+1 (non-binding)

2017-09-12 9:52 GMT+09:00 Yin Huai <yh...@databricks.com>:

> +1
>
> On Mon, Sep 11, 2017 at 5:47 PM, Sameer Agarwal <sam...@databricks.com>
> wrote:
>
>> +1 (non-binding)
>>
>> On Thu, Sep 7, 2017 at 9:10 PM, Bryan Cutler <cutl...@gmail.com> wrote:
>>
>>> +1 (non-binding) for the goals and non-goals of this SPIP.  I think it's
>>> fine to work out the minor details of the API during review.
>>>
>>> Bryan
>>>
>>> On Wed, Sep 6, 2017 at 5:17 AM, Takuya UESHIN <ues...@happy-camper.st>
>>> wrote:
>>>
>>>> Hi all,
>>>>
>>>> Thank you for voting and suggestions.
>>>>
>>>> As Wenchen mentioned and also we're discussing at JIRA, we need to
>>>> discuss the size hint for the 0-parameter UDF.
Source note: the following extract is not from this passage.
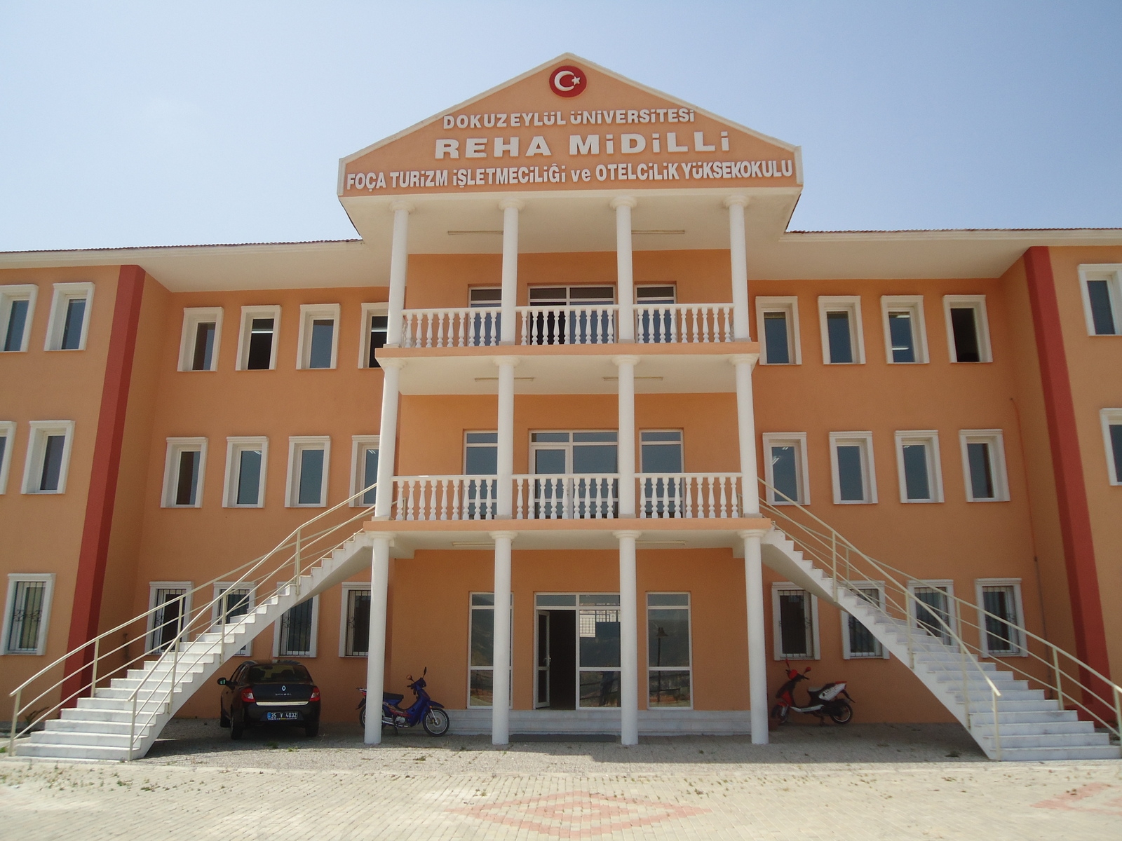 Arazisi hazineye ait olan yer üzerine yapılan protokolle Foçalı hayırsever Reha Midilli 2008 yılında tam donanımlı bir okul binası yaptı. Bina; eğitim dışında hiçbir faaliyette kullanılamayacağı koşuluyla Dokuz Eylül Üniversitesi’ne devredildi. Foça Atatürk Mahallesi Denizkent yerleşim bölgesindeki binada 2009 yılında Foça Turizm İşletmeciliği ve Otelcilik Yüksekokulu adıyla eğitime başlandı. 2010 yılında okulun adı Reha Midilli Foça Turizm İşletmeciliği ve Otelcilik Yüksekokulu olarak değiştirildi. 2014 yılında Bakanlar Kurulu kararıyla yüksekokul kapatılarak yerine Reha Midilli Foça Turizm Fakültesi kuruldu. 2020 yılında Dokuz Eylül Üniversitesi Yönetim Kurulu Fakültenin Tınaztepe kampüsüne taşınmasına ve Dokuz Eylül Turizm Fakültesi adıyla eğitime devam etmesini kararklaştırıldı. Bu kararla üç yıl önce boşaltılan Foça’daki bina adeta çürümeye terkedildi.
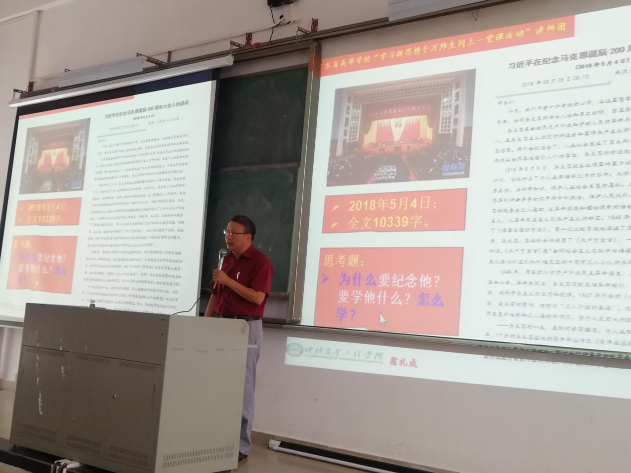根据广东省教育厅《关于组织开展“学习新思想千万师生同上一堂课活动”的通知》要求,围绕习近平总书记在纪念马克思诞辰200周年大会上与北京大学师生座谈会上重要讲话精神的丰富内涵和精神实质,面向广大师生讲清楚总书记重要讲话的学理支撑和理论蕴涵,讲清楚新时代教育工作的使命担当和广大师生的责任要求,6月20日下午,党委学生工作部、永利集团304在白云校区D2报告厅共同举行“学习新思想千万师生同上一堂课”活动。党委学生工作部部长李伟东教授、永利集团304党总支书记翁礼成教授分别为师生授课。此次活动由永利集团304副院长秦抗抗副教授主持。

>>>> But I believe we got a consensus about the basic APIs except for the
>>>> size hint, I'd like to submit a pr based on the current proposal and
>>>> continue discussing in its review.
>>>>
>>>>     https://github.com/apache/spark/pull/19147
>>>>
>>>> I'd keep this vote open to wait for more opinions.
>>>>
>>>> Thanks.
>>>>
>>>>
>>>> On Wed, Sep 6, 2017 at 9:48 AM, Wenchen Fan <cloud0...@gmail.com>
>>>> wrote:
>>>>
>>>>> +1 on the design and proposed API.
>>>>>
>>>>> One detail I'd like to discuss is the 0-parameter UDF, how we can
>>>>> specify the size hint. This can be done in the PR review though.
>>>>>
>>>>> On Sat, Sep 2, 2017 at 2:07 AM, Felix Cheung <
>>>>> felixcheun...@hotmail.com> wrote:
>>>>>
>>>>>> +1 on this and like the suggestion of type in string form.
>>>>>>
>>>>>> Would it be correct to assume there will be data type check, for
>>>>>> example the returned pandas data frame column data types match what are
>>>>>> specified. We have seen quite a bit of issues/confusions with that in R.
>>>>>>
>>>>>> Would it make sense to have a more generic decorator name so that it
>>>>>> could also be useable for other efficient vectorized format in the 
>>>>>> future?
>>>>>> Or do we anticipate the decorator to be format specific and will have 
>>>>>> more
>>>>>> in the future?
>>>>>>
>>>>>> ------------------------------
>>>>>> *From:* Reynold Xin <r...@databricks.com>
>>>>>> *Sent:* Friday, September 1, 2017 5:16:11 AM
>>>>>> *To:* Takuya UESHIN
>>>>>> *Cc:* spark-dev
>>>>>> *Subject:* Re: [VOTE][SPIP] SPARK-21190: Vectorized UDFs in Python
>>>>>>
>>>>>> Ok, thanks.
>>>>>>
>>>>>> +1 on the SPIP for scope etc
>>>>>>
>>>>>>
>>>>>> On API details (will deal with in code reviews as well but leaving a
>>>>>> note here in case I forget)
>>>>>>
>>>>>> 1. I would suggest having the API also accept data type specification
>>>>>> in string form. It is usually simpler to say "long" then "LongType()".
>>>>>>
>>>>>> 2. Think about what error message to show when the rows numbers don't
>>>>>> match at runtime.
>>>>>>
>>>>>>
>>>>>> On Fri, Sep 1, 2017 at 12:29 PM Takuya UESHIN <ues...@happy-camper.st>
>>>>>> wrote:
>>>>>>
>>>>>>> Yes, the aggregation is out of scope for now.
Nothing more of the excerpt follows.